Partition Pruning and Predicate Pushdown One of the most effective performance features ever invented is partitioning of data. Partitioning has been implemented in Hive and can now be used by Big Data SQL to speed up IO by eliminating partitions from a query. Big Data SQL leverages the predicates in a query and eliminates partitions from the data selected. This is very similar to what happens in Oracle Database. Partition pruning is the first step taken, and it impacts not just IO but also the number of splits eventually created. Using the same predicates, much more IO can be avoided when the underlying files are pre-parsed. As an example, Parquet files which contains parsed data (like a database file), can be interrogated intelligently by using the file metadata and the predicates.

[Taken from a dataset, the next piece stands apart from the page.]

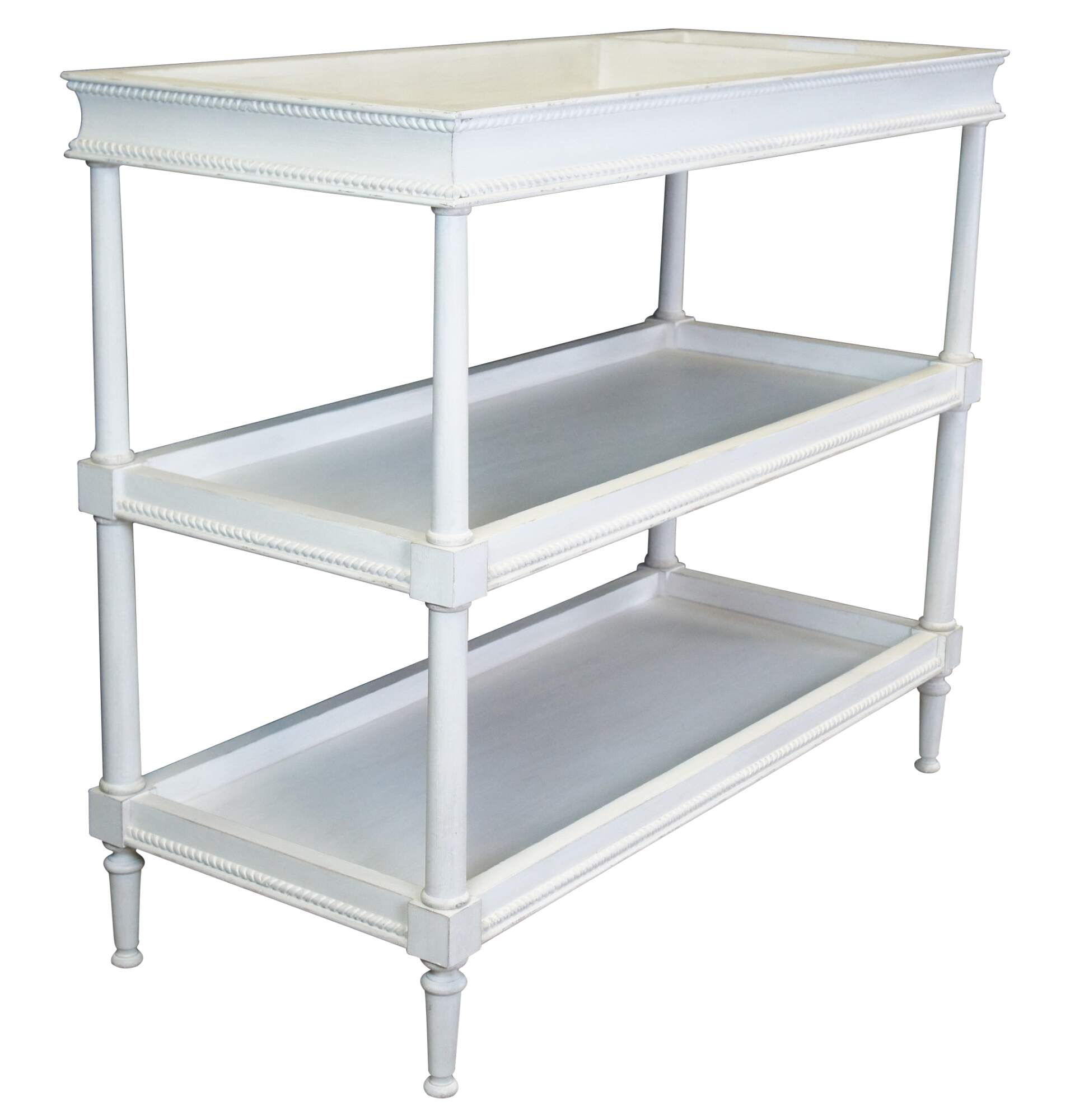 Finish is carefully distressed using a hand-applied multistep process designed to achieve the look of a timeworn antique

This way, database like selectivity is achieved, driving up query performance. Big Data SQL leverages both partitioning and predicate pushdown to Parquet, ORC or HBase as examples to ensure excellent performance.

Storage Indexes Storage Indexes (SI) provide the same benefits of IO elimination to Big Data SQL as they provide to SQL on Exadata. The big difference is that in Big Data SQL the SI work on an HDFS block (on BDA – 256MB of data) and span 32 columns instead of the usual 8. SI is fully transparent to both Oracle Database and to the underlying HDFS environment. As with Exadata, the SI is a memory construct managed by the Big Data SQL software and invalidated automatically when the underlying files change.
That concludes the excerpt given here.